ASSIGNMENT
Each line below from the one containing "On February 8, 2022, for" through the one containing "Auf 62 m² können" is to be given again exactly, and no line outside that span.

MATERIAL PROVIDED

☆ ☆ ☆ ☆ ☆

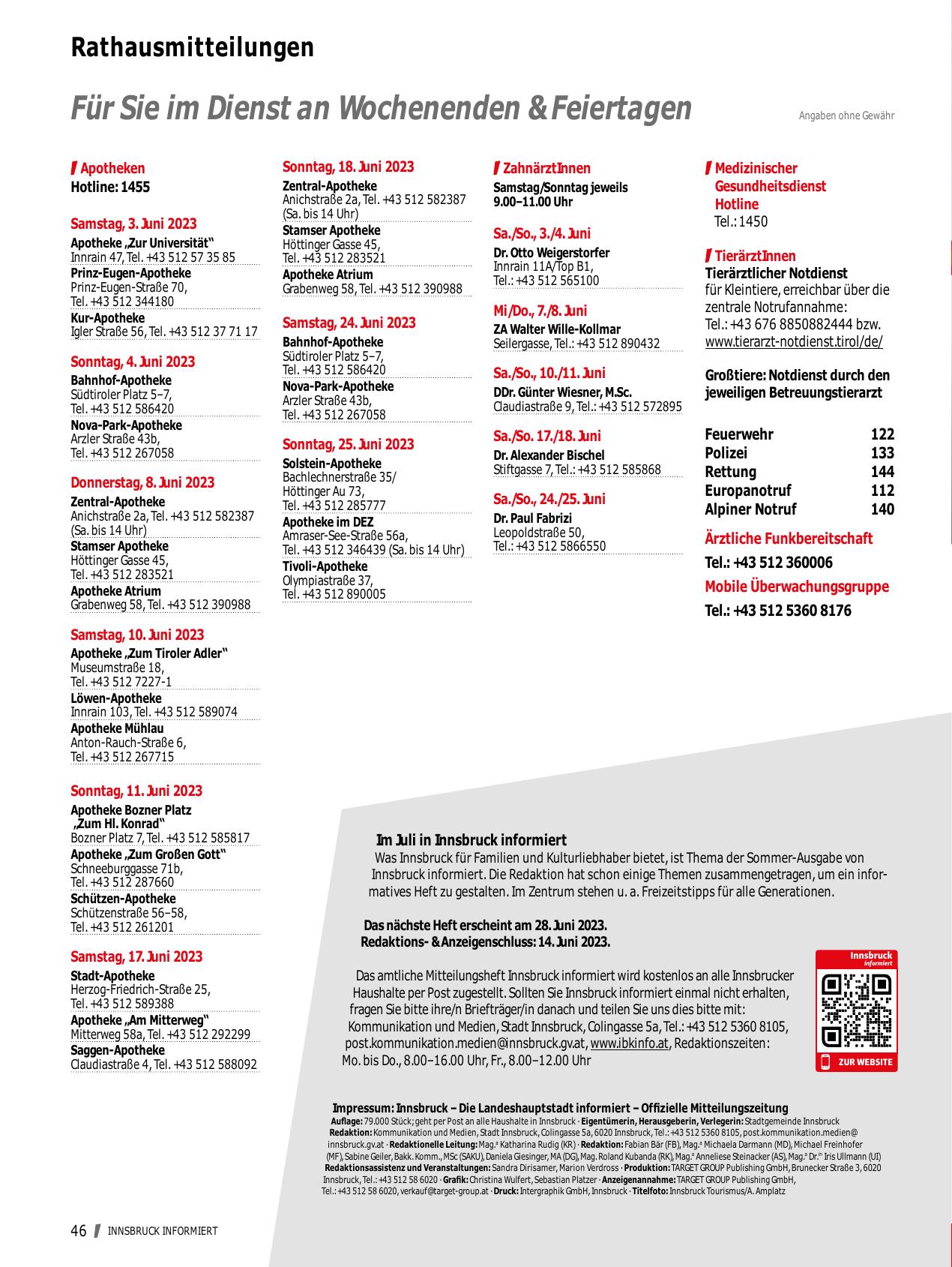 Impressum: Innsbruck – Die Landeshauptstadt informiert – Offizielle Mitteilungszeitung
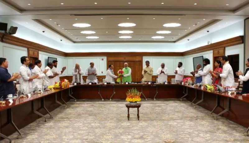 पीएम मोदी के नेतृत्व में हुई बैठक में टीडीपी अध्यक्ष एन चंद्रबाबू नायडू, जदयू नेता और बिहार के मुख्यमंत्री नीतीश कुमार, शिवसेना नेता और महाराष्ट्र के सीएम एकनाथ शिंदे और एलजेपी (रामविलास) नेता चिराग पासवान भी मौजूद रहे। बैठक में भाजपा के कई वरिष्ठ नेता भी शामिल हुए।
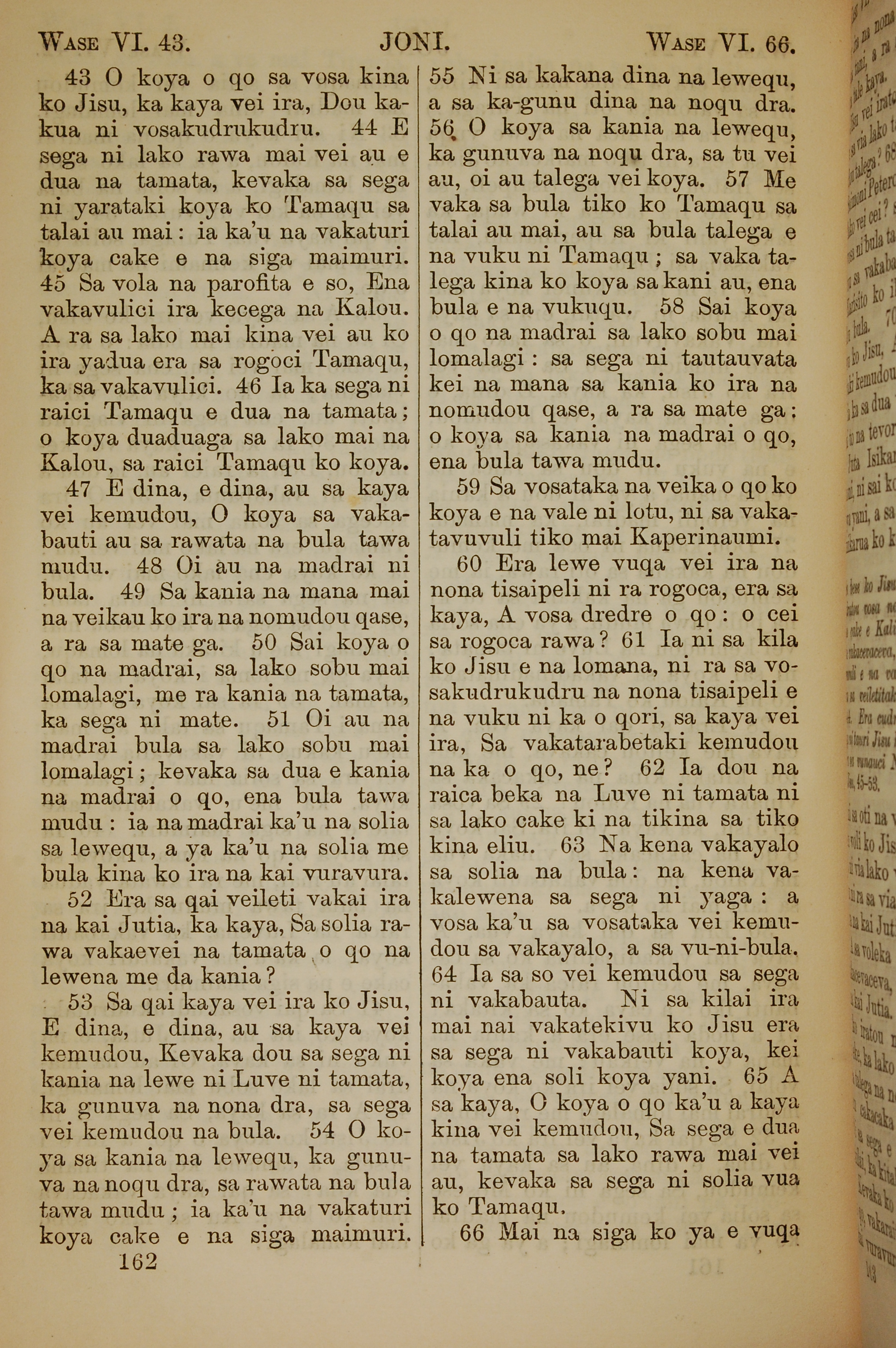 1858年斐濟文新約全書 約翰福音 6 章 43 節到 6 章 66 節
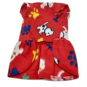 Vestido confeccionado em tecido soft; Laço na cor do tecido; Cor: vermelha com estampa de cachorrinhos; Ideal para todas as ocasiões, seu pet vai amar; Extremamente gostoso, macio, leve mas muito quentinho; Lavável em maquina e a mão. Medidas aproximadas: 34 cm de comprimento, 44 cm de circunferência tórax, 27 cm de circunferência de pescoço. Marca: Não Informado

☆ ☆ ☆ ☆ ☆

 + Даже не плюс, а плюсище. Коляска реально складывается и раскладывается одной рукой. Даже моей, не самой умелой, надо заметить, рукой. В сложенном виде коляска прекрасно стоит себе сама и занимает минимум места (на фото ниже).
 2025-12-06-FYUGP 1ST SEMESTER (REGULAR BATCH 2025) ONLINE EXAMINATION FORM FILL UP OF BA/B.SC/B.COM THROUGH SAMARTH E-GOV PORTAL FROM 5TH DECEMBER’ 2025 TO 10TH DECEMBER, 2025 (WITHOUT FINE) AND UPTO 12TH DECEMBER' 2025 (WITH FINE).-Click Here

☆ ☆ ☆ ☆ ☆

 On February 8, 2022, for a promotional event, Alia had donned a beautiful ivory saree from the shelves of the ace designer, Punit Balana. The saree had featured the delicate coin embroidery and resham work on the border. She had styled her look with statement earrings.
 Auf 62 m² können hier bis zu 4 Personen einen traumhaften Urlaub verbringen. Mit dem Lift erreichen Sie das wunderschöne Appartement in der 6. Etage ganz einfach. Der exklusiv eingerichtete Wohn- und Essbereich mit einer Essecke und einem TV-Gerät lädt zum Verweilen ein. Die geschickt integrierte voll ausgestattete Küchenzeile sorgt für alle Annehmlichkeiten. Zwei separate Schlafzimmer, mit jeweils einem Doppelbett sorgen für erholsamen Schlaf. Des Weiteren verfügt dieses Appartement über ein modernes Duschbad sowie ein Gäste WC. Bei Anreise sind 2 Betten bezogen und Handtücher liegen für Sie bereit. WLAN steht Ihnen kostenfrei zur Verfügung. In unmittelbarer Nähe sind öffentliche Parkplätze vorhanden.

☆ ☆ ☆ ☆ ☆

COMPLETED EXERCISE
 On February 8, 2022, for a promotional event, Alia had donned a beautiful ivory saree from the shelves of the ace designer, Punit Balana. The saree had featured the delicate coin embroidery and resham work on the border. She had styled her look with statement earrings.
 Auf 62 m² können hier bis zu 4 Personen einen traumhaften Urlaub verbringen. Mit dem Lift erreichen Sie das wunderschöne Appartement in der 6. Etage ganz einfach. Der exklusiv eingerichtete Wohn- und Essbereich mit einer Essecke und einem TV-Gerät lädt zum Verweilen ein. Die geschickt integrierte voll ausgestattete Küchenzeile sorgt für alle Annehmlichkeiten. Zwei separate Schlafzimmer, mit jeweils einem Doppelbett sorgen für erholsamen Schlaf. Des Weiteren verfügt dieses Appartement über ein modernes Duschbad sowie ein Gäste WC. Bei Anreise sind 2 Betten bezogen und Handtücher liegen für Sie bereit. WLAN steht Ihnen kostenfrei zur Verfügung. In unmittelbarer Nähe sind öffentliche Parkplätze vorhanden.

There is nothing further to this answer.